[Saved data entries]

#####

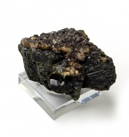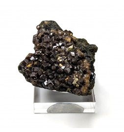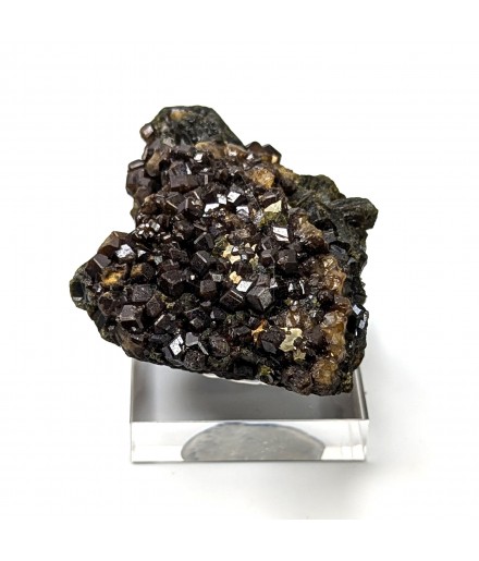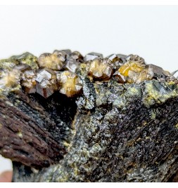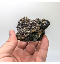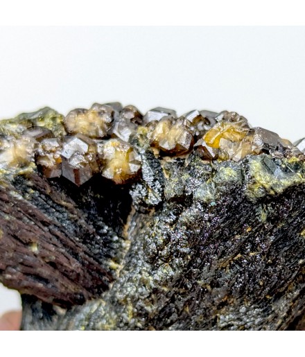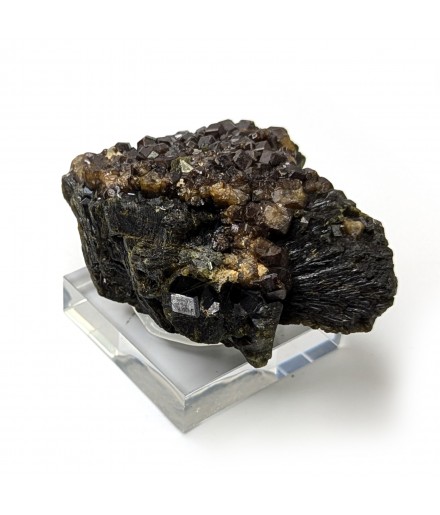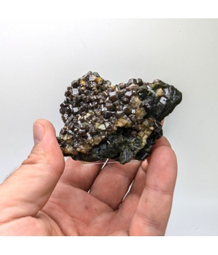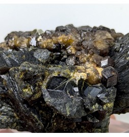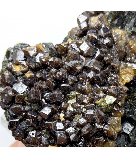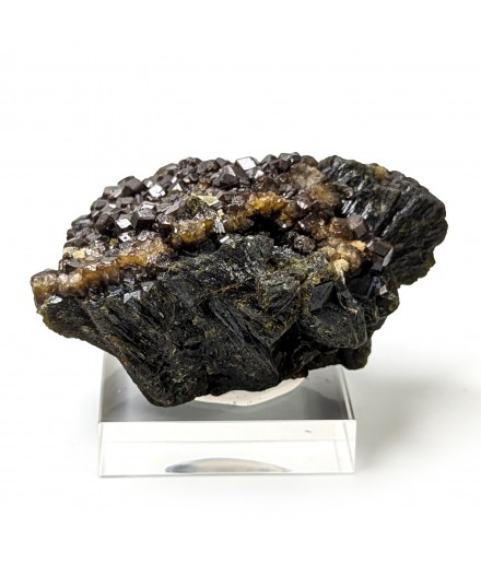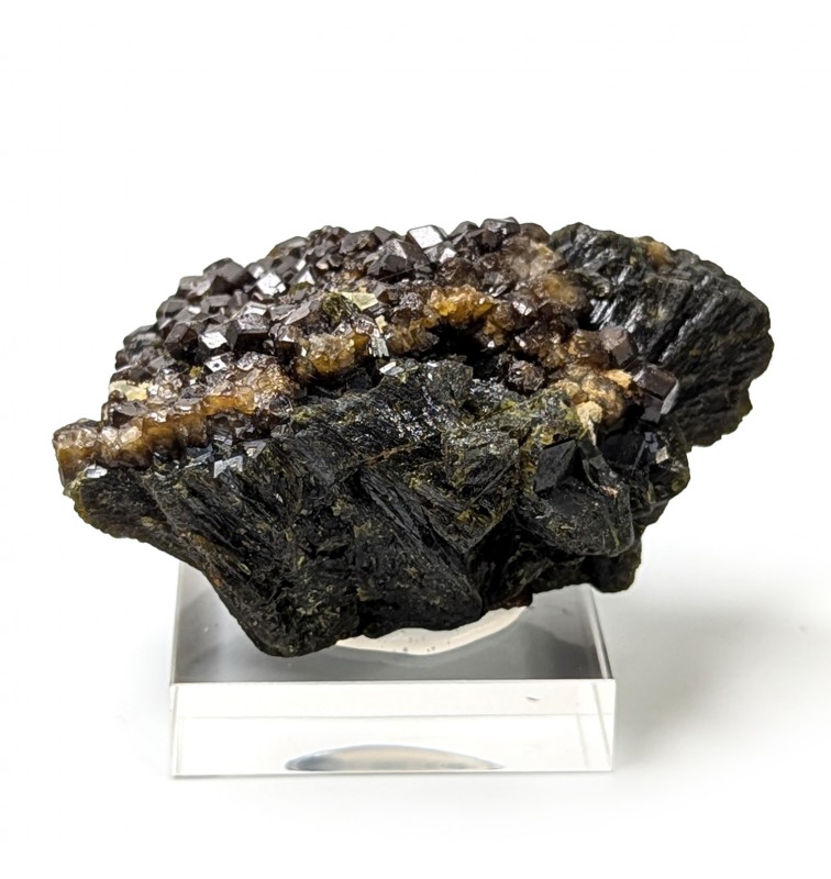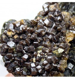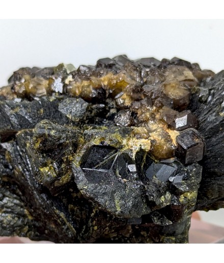 A piece with a rare association, with a crystallization ofepidote dark green covered with numerous andradite garnets.
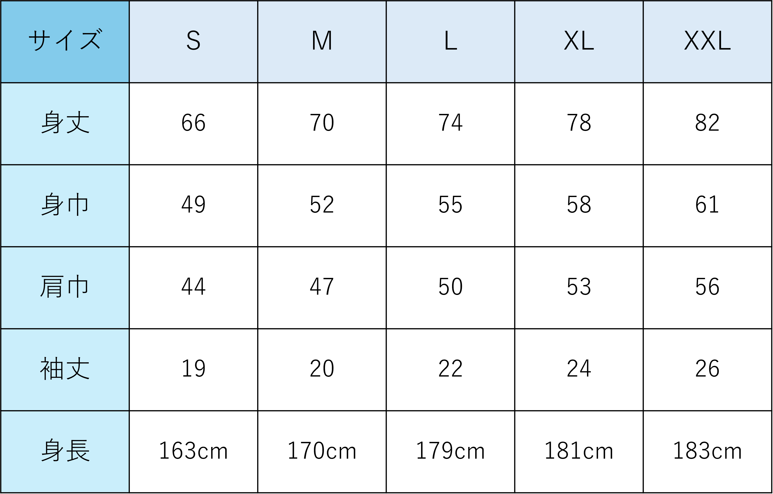 サイズ一覧 男女兼用(単位:cm)
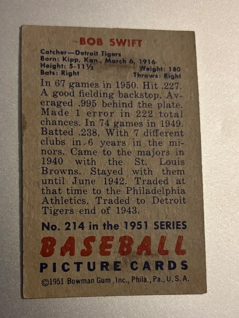 1951 Bowman #214 Bob Swift Detroit Tigers
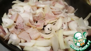 Нарезаем лук перьями и добавляем к шпику. Слегка обжариваем, постоянно помешивая.
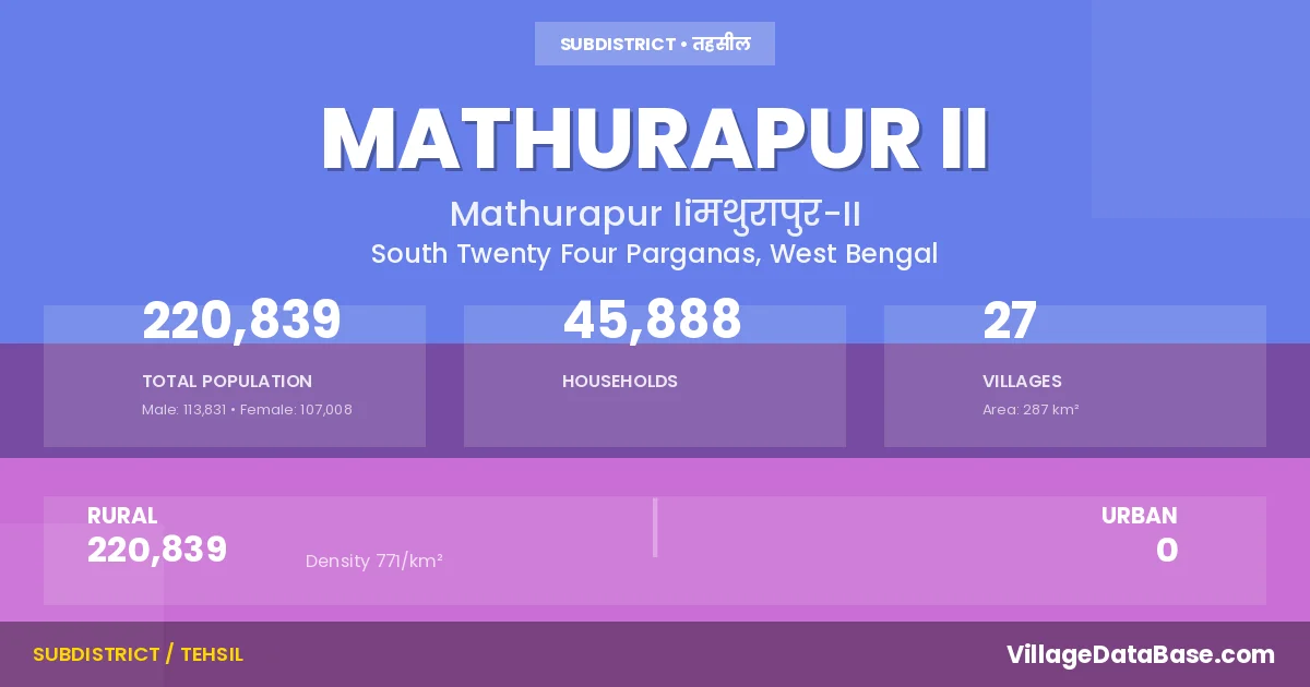According to the 2011 census The total area of Mathurapur II Subdivision is 287 km², with a population of 220839 people. The population density is 771 inhabitants per square kilometre, and there are approximately 45888 houses in the sub district.
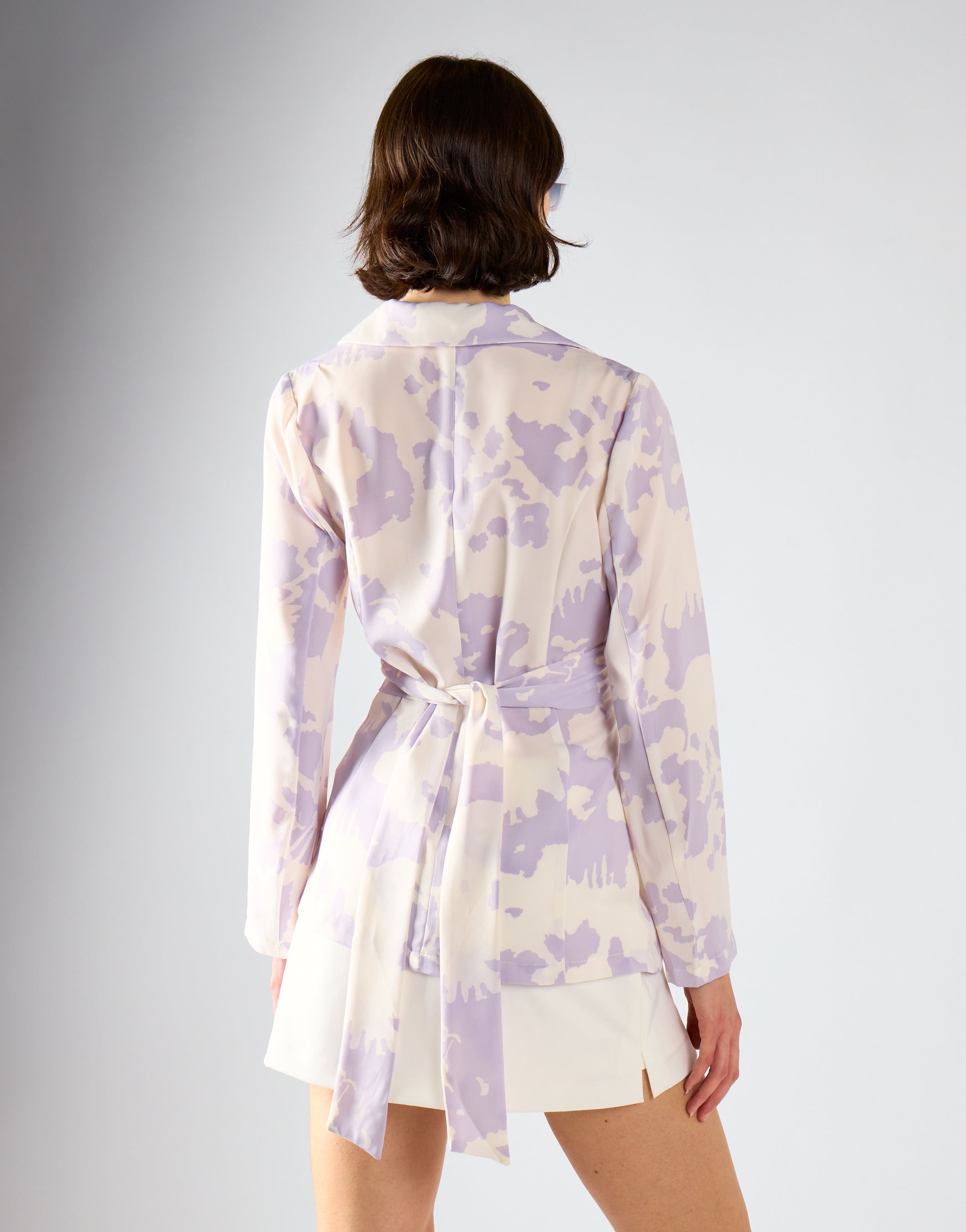 Glamorous Women's Misty Lilac Abstract Tie Waist Blazer Jacket. This gorgeous jacket will look great in your wardrobe this season. Featuring a on trend pattern and a flattering cut, we here at Glamorous love this piece! Style with matching co-ord misty lilac wide leg trousers to complete your fashion forward look.
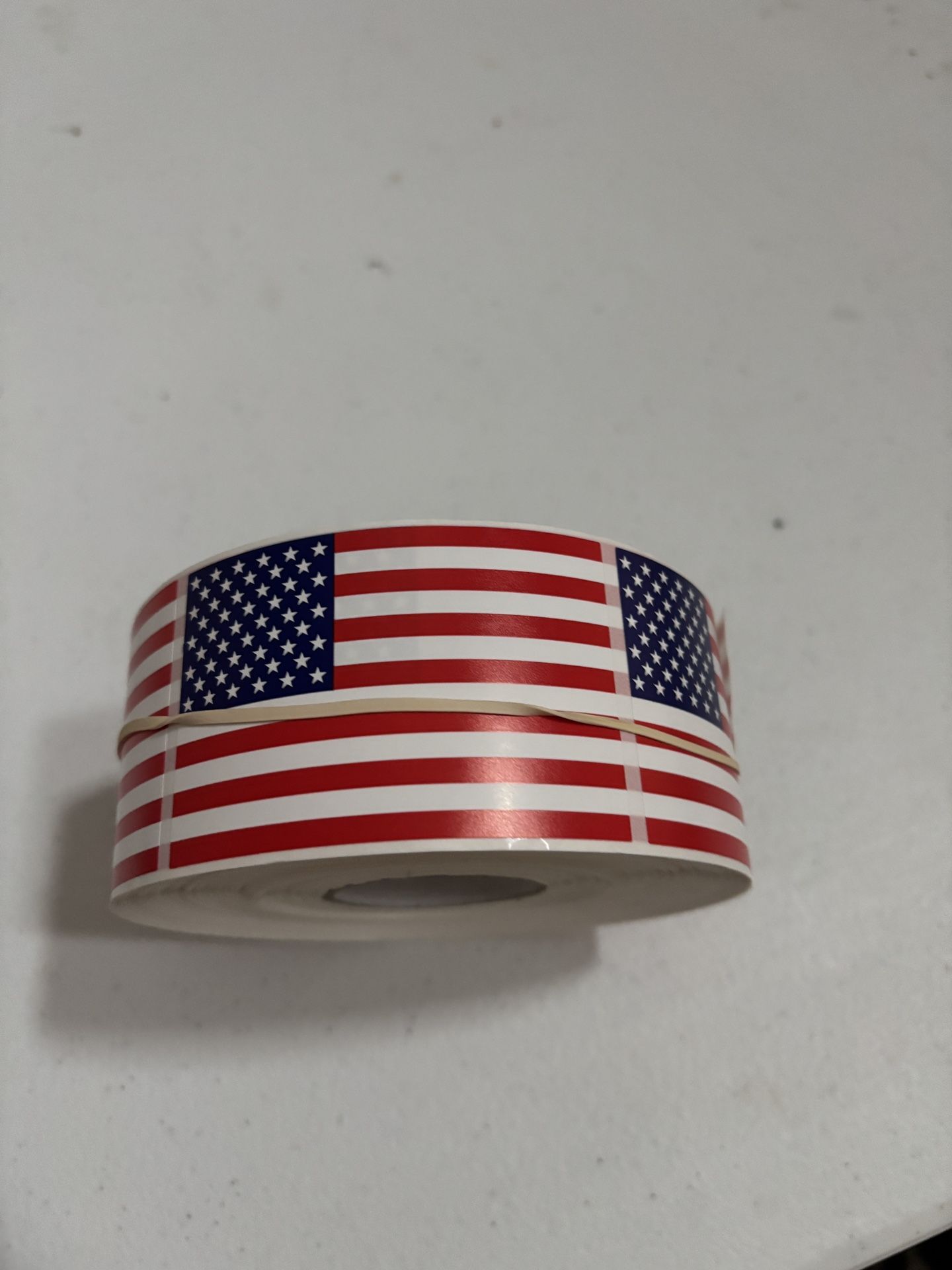 Roll of stickers featuring the American flag design. Approximately 900 stickers.

#####

Would you retype all the lines shown above, exactly as written and without any picture?

Answer space >>
 A piece with a rare association, with a crystallization ofepidote dark green covered with numerous andradite garnets.
 サイズ一覧 男女兼用(単位:cm)
 1951 Bowman #214 Bob Swift Detroit Tigers
 Нарезаем лук перьями и добавляем к шпику. Слегка обжариваем, постоянно помешивая.
According to the 2011 census The total area of Mathurapur II Subdivision is 287 km², with a population of 220839 people. The population density is 771 inhabitants per square kilometre, and there are approximately 45888 houses in the sub district.
 Glamorous Women's Misty Lilac Abstract Tie Waist Blazer Jacket. This gorgeous jacket will look great in your wardrobe this season. Featuring a on trend pattern and a flattering cut, we here at Glamorous love this piece! Style with matching co-ord misty lilac wide leg trousers to complete your fashion forward look.
 Roll of stickers featuring the American flag design. Approximately 900 stickers.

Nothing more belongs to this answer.